Мы пошли в лес. Калина Иванович догнал меня и в страшном волнении зашептал:

— Что такое? Скажите на милость, чего это они такие добрые?

Я рассеяно глянул в голубые очи Пана и сказал:

— Скверно, брат, дело… Первый раз в жизни ударил человека.

— Ох ты, лышенько! — ахнул Калина Иванович. — А если они жаловаться будут?

— Ну, это еще не беда…

К моему удивлению, все прошло прекрасно. Я поработал с ребятами до обеда. Мы рубили в лесу кривые сосенки. Ребята в общем хмурились, но свежий морозный воздух, красивый лес, убранный огромными шапками снега, дружное участие пилы и топора сделали свое дело.

В перерыве мы смущенно закурили из моего запаса махорки, и, пуская дым к верхушке сосен, Задоров вдруг разразился смехом:

— А здорово! Ха-ха-ха-ха!..

Приятно было видеть его смеющуюся румяную рожу, и я не мог не ответить ему улыбкой:

— Что — здорово? Работа?

— Работа само собой. Нет, а вот как вы меня сьездили!

Задоров был большой и сильный юноша, и смеяться ему, конечно, было уместно. Я и то удивлляся, как я решился тронуть такого богатыря.

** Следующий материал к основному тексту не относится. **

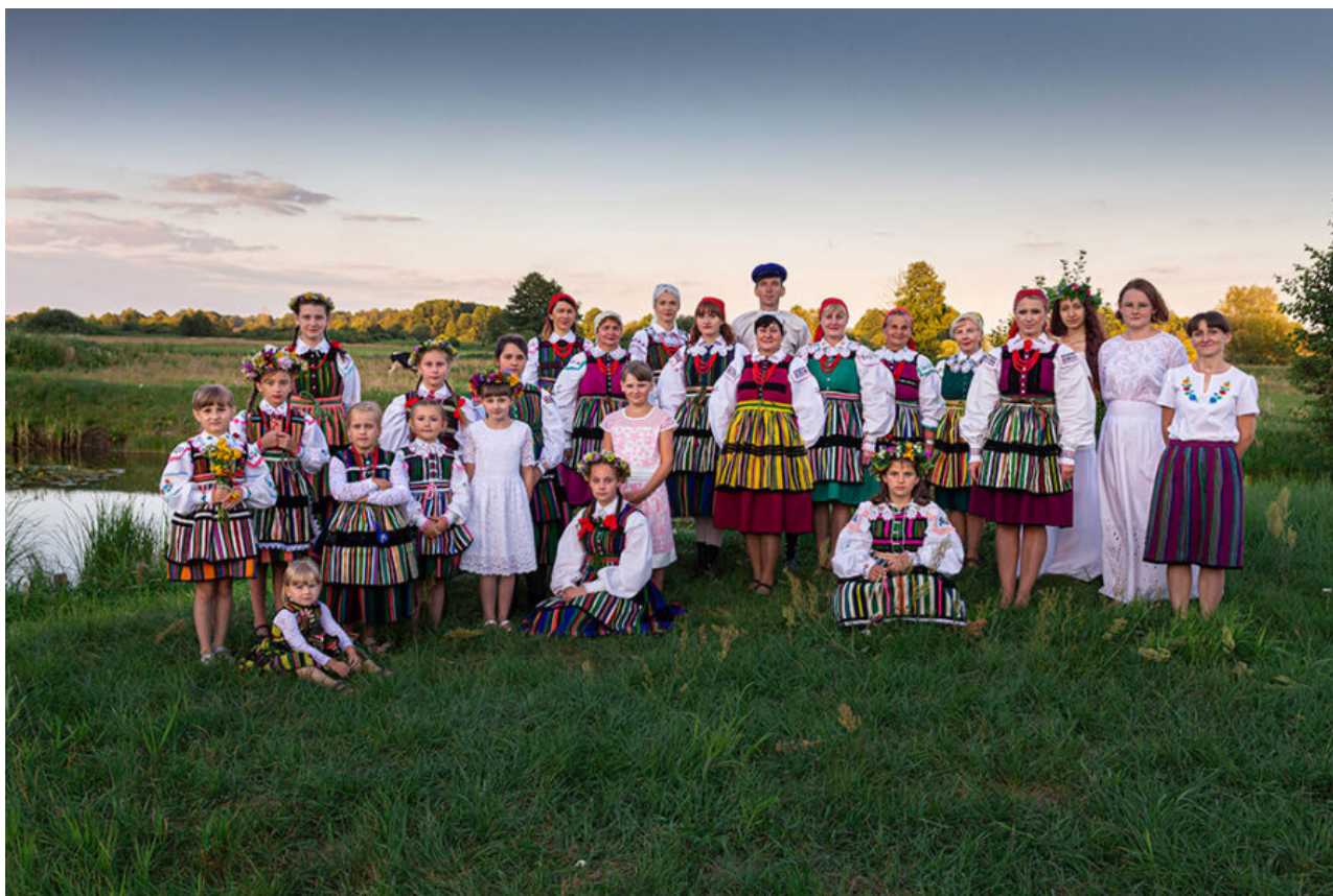
Fotografia 13: http://www.opczynskiszlaczemiosla.pl/tworcy-ludowi/wola-zalezna/

miejscowej szkoły oraz znakomitą okazją do integracji mieszkańców nie tylko w zabawie ale i w organizacji przedsięwzięcia.
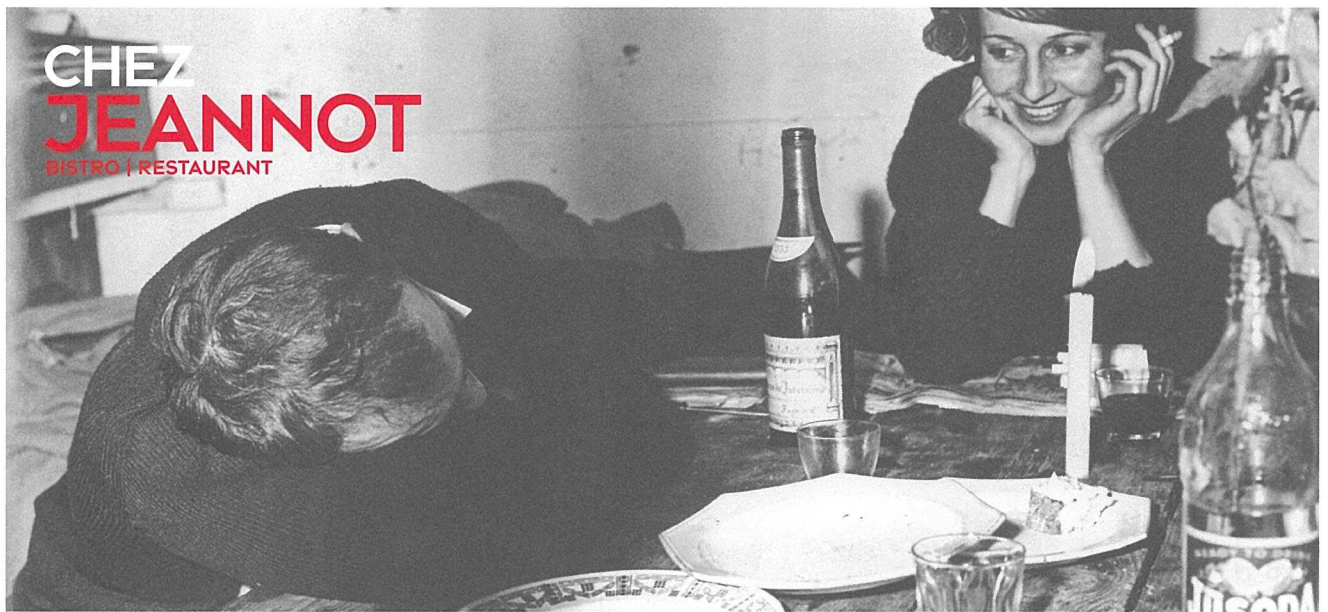
JEAN TINGUELY IM ATELIER IMPASSE RONSIN, PARIS, ENDE 1950ER-JAHRE
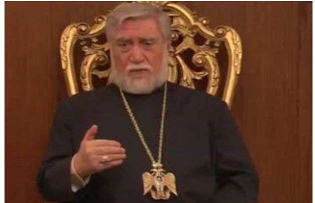
تصویر ۱۱. شاهین شکارگر به شکل گردنبندها بر گردن اسقف‌های ارمنی.
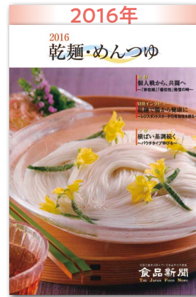
個人戦から、共闘へ 「存在感」「優位性」発信の時
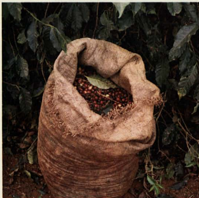
Sveže nabrani plodovi kavovca

Živimo v času in prostoru, v katerem so predmeti in dogodki postavljeni po vnaprej zastavljenem redu. Med vsem, kar nas obdaja, se pogosto nahaja tudi skodelica kave. Na videz skromna in majhna, v resnici močna in opazna. Opozarja nase tudi z vonjem, ki ga oddaja: ta je prijeten in dopadljiv in zanjo specifičen. Kava, ki je v skodelici, veliko pomeni le tistemu, ki jo bo spil; še pred tem pa je bila velikokrat pomembna še drugim.
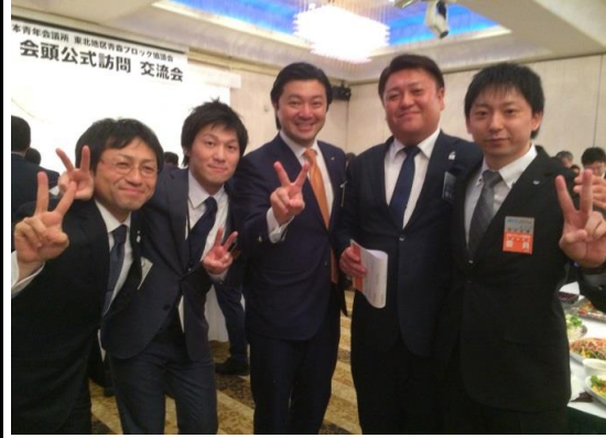
会頭と出席メンバー、特に道川専務が嬉しそうですね

れず挑戦すること・経験することの大切さなどの考え方を聞かせて頂きました。 印象に残っているのはボランティアと青年会議所の活動の違いとして『少年と釣り』という話を聞きこれは会員勧誘で使えるなと思いました。その後の交流会では会頭との名刺交換で、青年会議所の信念を仕事にどのような形で活かしているのか質問し、とても参考になる回答を頂きました。今回の会頭訪問で聞いた事を今後の活動に活かしていければと考えています。
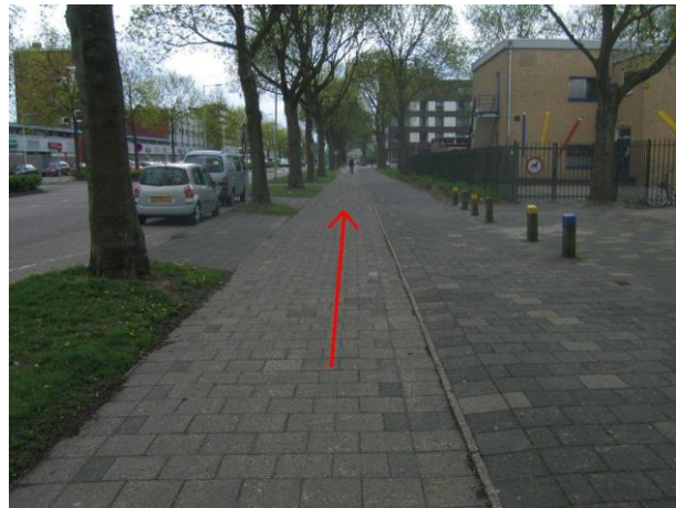
Fiets langs de Winston Churchillaan in de richting van de Groene Kruisweg
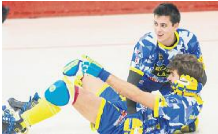
L'última victòria arlequinada va ser a finals de novembre.

I és que el conjunt d'Eduard Candami, que viu la pitjor ratxa de resultats del curs (una derrota i un empat, contra el Reus i el Vic, en les darreres dues jornades) voldrà treure's aquestes espines contra els madrilenys, que malgrat ser un dels conjunts nous a la lliga, han demostrat una bona adaptació a la màxima categoria de l'hoquei patins estatal i ja ha guanyat quatre partits (tot i que el seu rendiment com a visitant no és tan alt com en els partits que juga a casa).
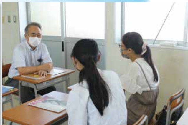
夢を実現するための三者面談

Он залился смехом и, продолжая хохотать, взял топор и направился к дереву:

— История, ха-ха-ха!..

Обедали мы вместе, с аппетитом и шутками, но утренные события не вспоминали. Я себя чувствовал все же неловко, но уже решил не сдавать тона и уверенно распорядился после обеда. Волохов ухмыльнулся, но Задоров подошел ко мне с самой серьезной рожей:

— Мы не такие плохие, Антон Семенович! Будет все хорошо. Мы понимаем…

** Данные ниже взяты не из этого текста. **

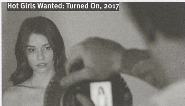
Hot Girls Wanted: Turned On, 2017

Kako razumeti to nelagodno zmes treh pornografskih in treh ne-ravno-pornografskih epizod? V seriji Turned On trda erotika očitno zlahka sobiva z ljubeznijo, porno industrija pa z intimnimi, osebnimi, zasebnimi razmerji. Proizvodnja pornografskih vsebin postane primerljiva in zamenljiva z navezovanjem medosebnih stikov in afektivnih razmerij, pa naj gre tu za razmerja seksa in ljubezni (Tinder) ali pa posilstva (Periscope). S tovrstno potezo, ki porno posel postavlja ob bok zgodbam o ljubezni, spolnemu delu ponovno ni priznan status, ki mu ga dokumentarni film zavrača že desetletja: Hot Girls Wanted , tako celovečerec kot šesturna serija, nam vsak na svoj način sporočata, da produkcija pornografije še vedno ni in ne more biti delo . Če pa že je delo, in tu je poanta serije, pa je pornografija obenem tudi nekaj več (je ljubezen, je navezanost, je čustveno razmerje). Turned On ne dovoljuje, da bi seks pred kamero postal zgolj služba – v njem mora biti nekaj posebnega, nekaj presežnega. A morda bi dokumentarni filmi spolno industrijo pravzaprav še najbolj natančno prikazali, če bi ji ta posebni status za začetek odvzeli , in za razliko od neštetihih dosedanjih poskusov do nje pristopili skrajno materialistično. »To je samo moja služba,« pravi ena izmed porno igralk v Netflixovi seriji – in ali ne bi bilo čudovito, če bi na pornografijo enkrat za spremembo tako pogledal tudi film? E
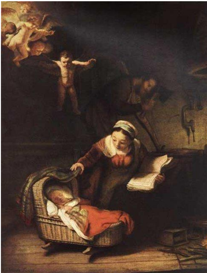
Рембрандт, «Святое семейство»
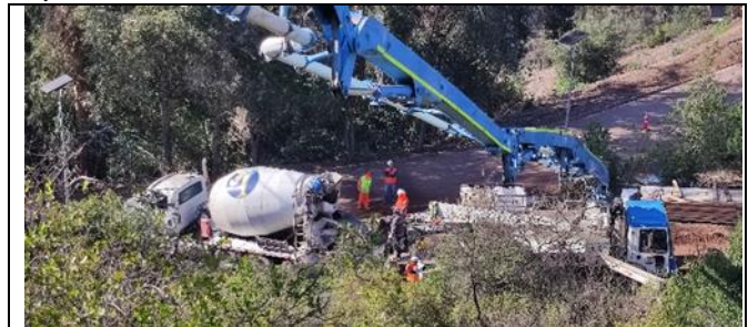
Hormigonado de fundación torre AT
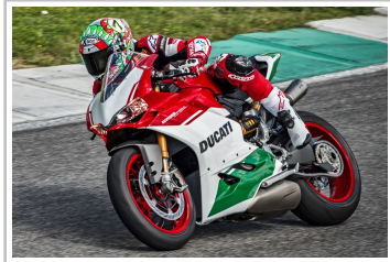
Ducati 1299 Panigale R Final Edition.
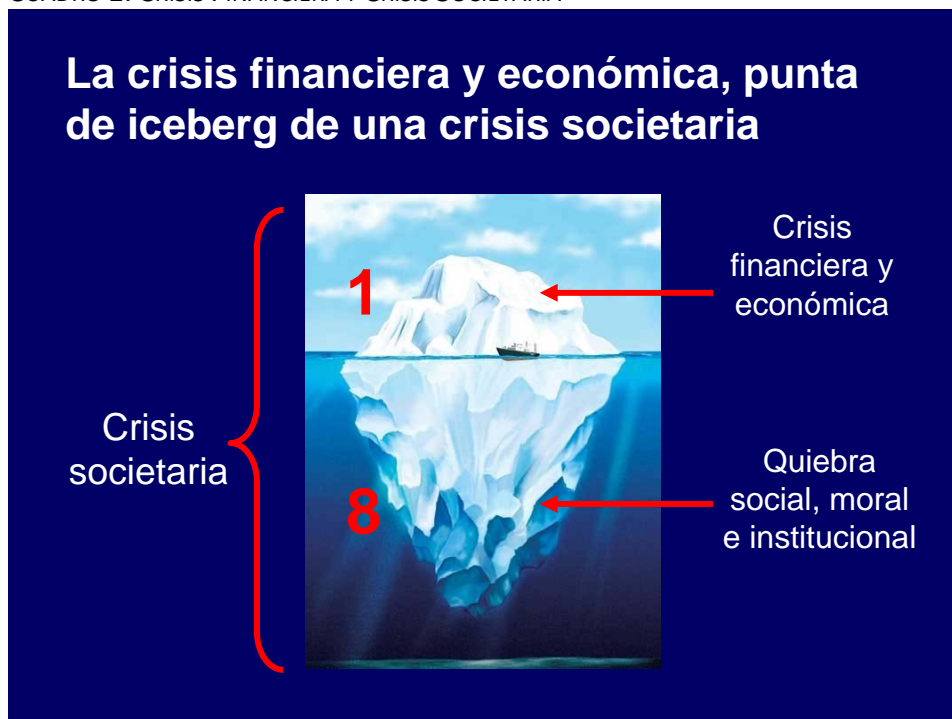
CUADRO 1. CRISIS FINANCIERA Y CRISIS SOCIETARIA

En un anterior y largo artículo aparecido en la revista electrónica: “Gobernanza”, señalaba que la actual crisis económica en Europea es claramente una crisis societaria, del conjunto de la sociedad, que tiene dos componentes: la crisis financiera que constituye tan sólo la punta del iceberg de la crisis societaria, y la quiebra social, moral e institucional y de gobernación que constituye las ocho partes escondidas del iceberg, y que son la causa de la crisis financiera.
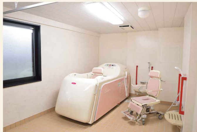
安全にご入浴頂ける対面式介護浴槽
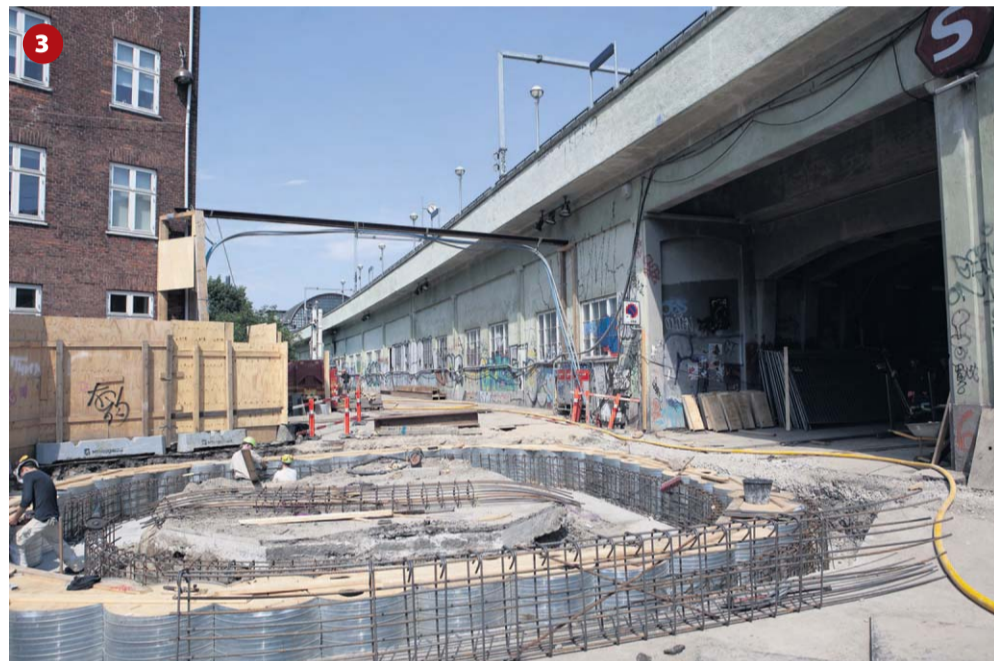
3 Buerne under højbanen ved Nørrebro station kunne ifølge arkitekten med fordel åbnes op og gøres til små selvstændige byrum. På den måde kunne afhjælpe sociale problemer i området.

Måske er Nordvestkvarteret ikke så hipt som Vesterbro og Indre Nørrebro, der er ved at drukne i caféer og smarte unge mennesker med barnevogne og de rigtige solbriller. Men det kan det blive, for der sker ting og sager i derude hele tiden.

3. Характеристика первичных потребностей

На другой день я сказал воспитанникам:

— В спальне должно быть чисто! У вас должны быть дежурные по спальне. В город можно уходить только с моего разрешения. Кто уйдет без отпуска, пусть не возвращается — не приму.

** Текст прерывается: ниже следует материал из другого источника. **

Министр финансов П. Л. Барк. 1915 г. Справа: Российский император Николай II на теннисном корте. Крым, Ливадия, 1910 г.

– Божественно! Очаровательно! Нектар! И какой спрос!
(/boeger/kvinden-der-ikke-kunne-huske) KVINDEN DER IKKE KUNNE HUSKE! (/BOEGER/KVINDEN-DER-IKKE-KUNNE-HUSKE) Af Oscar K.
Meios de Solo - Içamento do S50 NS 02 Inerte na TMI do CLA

— Ого! — сказал Волохов. — А может быть, можно полегче?

— Выбирайте, ребята, что вам нужнее. Я иначе не могу. В колонии должна быть дисциплина. Если вам не нравится, расходитесь, кто куда хочет. А кто останется жить в колонии, тот будет соблюдать дисциплину. Как хотите. «Малины» не будет.

Задоров протянул мне руку.

— По рукам — правильно! Ты, Волохов, молчи. Ты еще глупый в этих делах. Нам все равно здесь пересидеть нужно, не в допр же идти.

— А что, и в школу ходить обязательно? — спросил Волохов.

— Обязательно.

— А если я не хочу учиться?.. На что мне?..

— В школу обязательно. Хочешь ты или не хочешь, все равно. Видишь, тебя Задоров сейчас дураком назвал. Надо учиться — умнеть.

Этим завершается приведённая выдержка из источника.